Canon Neil and Leslie Elliot’s Retirement Service

By on July 1, 2023

At their retirement service, Canon Neil and Lesley Elliot celebrated Pentecost (May 28, 2023) at St Andrew’s, Trail, BC. The parish known as “Kootenay Summits” reflects Neil’s passion for snowboarding.

The event held on the birthday of the church was attended by clergy and well-wishers from across the region. The Most Reverend Bishop Lynne McNaughton presided and blessed the couple along with the laying on of hands by the community.

Canon Neil Elliot , Deacon Margaret Sherwood, and The Most Rev. Lynne McNaughton Retirement Service Pentecost Sunday, St Andrew’, Trail, BC.
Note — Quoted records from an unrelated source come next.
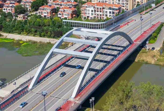 愚公橋位于滕州市荊泉路(主干道)跨越荊河河道處,橋梁全長146米,寬36米,100米主橋采用下承式鋼箱拱,兩端20m引橋為先張法預應(yīng)力簡支板梁橋。此橋是滕州市第一座大跨度鋼結(jié)構(gòu)橋梁,同時,我們充分保留了老愚公橋的原始風貌,并對其進行了加固和重新修繕,形成特有的滕州記憶和城市景觀,已成為滕州市的新亮點、新景觀。此橋由滕州市信華集團權(quán)屬企業(yè)滕州市房地產(chǎn)綜合開發(fā)有限公司投資建設(shè),總造價7000余萬元,此橋于2018年5月開工,并于2019年10月1日順利竣工通車。
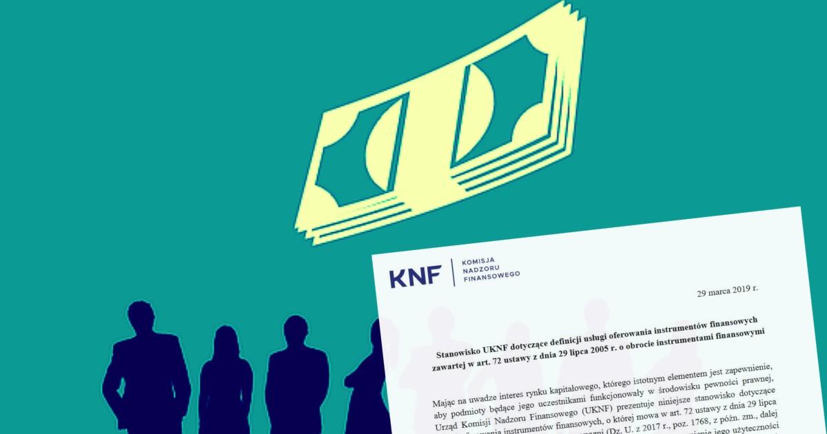 29 marca Komisja Nadzoru Finansowego (KNF) opublikowała „Stanowisko UKNF dotyczące definicji usługi oferowania instrumentów finansowych zawartej w art. 72 ustawy z dnia 29 lipca 2005 r. o obrocie instrumentami finansowymi”, a dokładnie dotyczące obejmowania akcji i obligacji w ramach tzw. crowdfundingu udziałowego. Od tamtej pory nie cichną komentarze i są one bardzo zróżnicowane. Swoim stanowiskiem KNF wprowadziła na polskim rynku crowdfundingu wiele zamieszania.
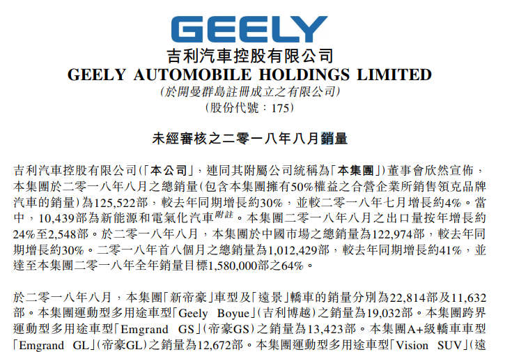 吉利汽车8月销量增长30% 全年目前完成64%
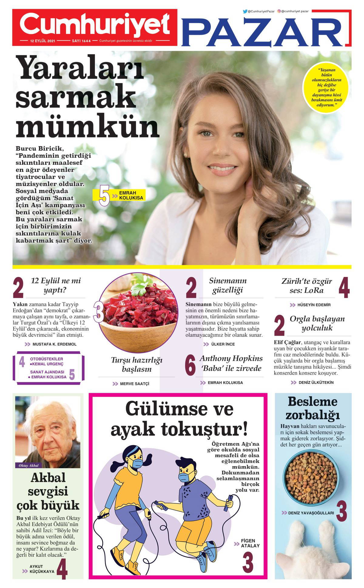 Başarılı oyuncu Burcu Biricik, Emrah Kolukısa’nın sorularını yanıtladı. Biricik, “Pandeminin getirdiği sıkıntıları maalesef en ağır ödeyenler tiyatrocular ve müzisyenler oldular. Sosyal medyada gördüğüm ‘Sanat İçin Aşı’ kampanyası beni çok etkiledi. Bu yaraları sarmak için birbirimizin sıkıntılarına kulak kabartmak şart” diyor.
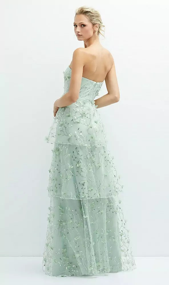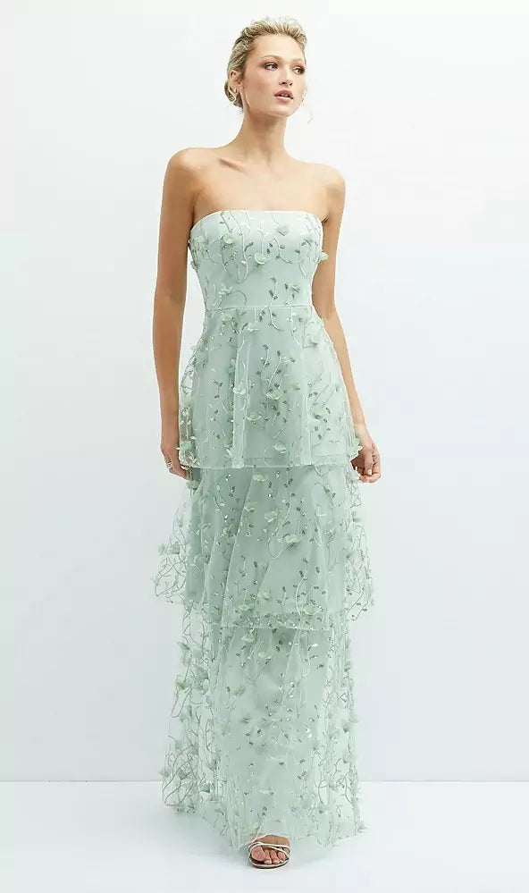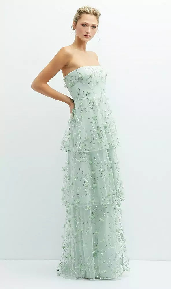 Step into a dream with the Pearl bridesmaid dress—an enchanting strapless gown crafted from Trellis 3D floral embroidered fabric with soft sequin accents that shimmer delicately with every movement. The fitted bodice flows into a tiered maxi skirt that adds volume, texture, and a fairytale-like charm. Whimsical yet elegant, this dress is made for twirling on the dance floor or adding a statement to any garden or spring celebration.
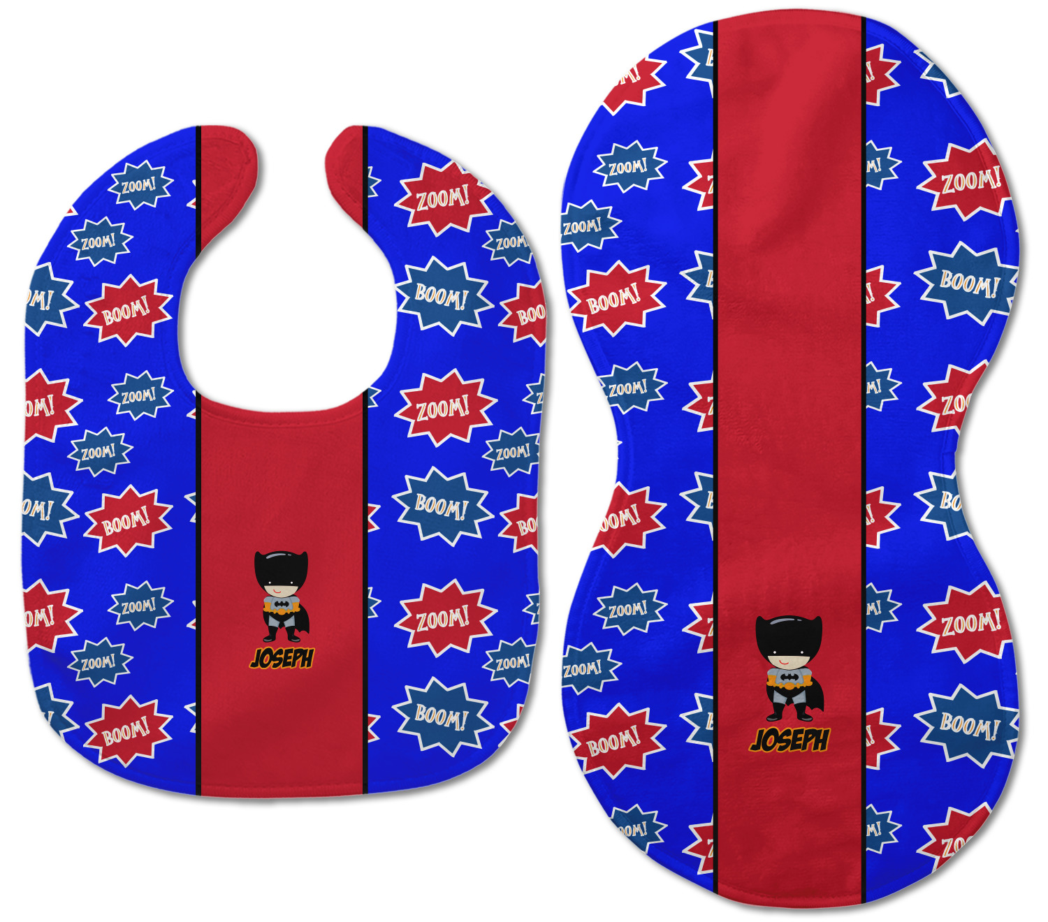 Both our baby bib and burp pad are made up of soft, microfiber velour with a cotton backing. The comfortable and plush material of our bib and burp set is perfect for both baby and parent. We print your design on the microfiber velour face fabric with baby safe ink on your customizable bib and burp cloth to ensure safety for the little one! Our drool bib also comes with a Velcro clasp for safe and easy wear while the burp cloth is a unique peanut shape that perfectly hugs over the shoulder.

In his sermon, Canon Neil asked the congregation, “Whose church is this?” The reply from the congregation was, “our church.” Canon Neil went on to say that there were three answers to that question.

The first was “the Incumbent’s church,” which he quickly put to rest as a bad idea with potentially disastrous results.

He added that even though the correct answer was “our church,” he proposed there was a third correct answer: it is “God’s Church.”

In times of upheaval, as experienced by the disciples prior to the coming of the Holy Spirit, God rescued the church in his own timing.

From a small group of disciples who were filled with “wild fire” and given gifts; each one different for the welfare of the community, a Church was born that spread around the entire world.

After the service there was an impromptu march around the streets led by two pipers that ended over the road at the United Church for food, speeches, and fellowship.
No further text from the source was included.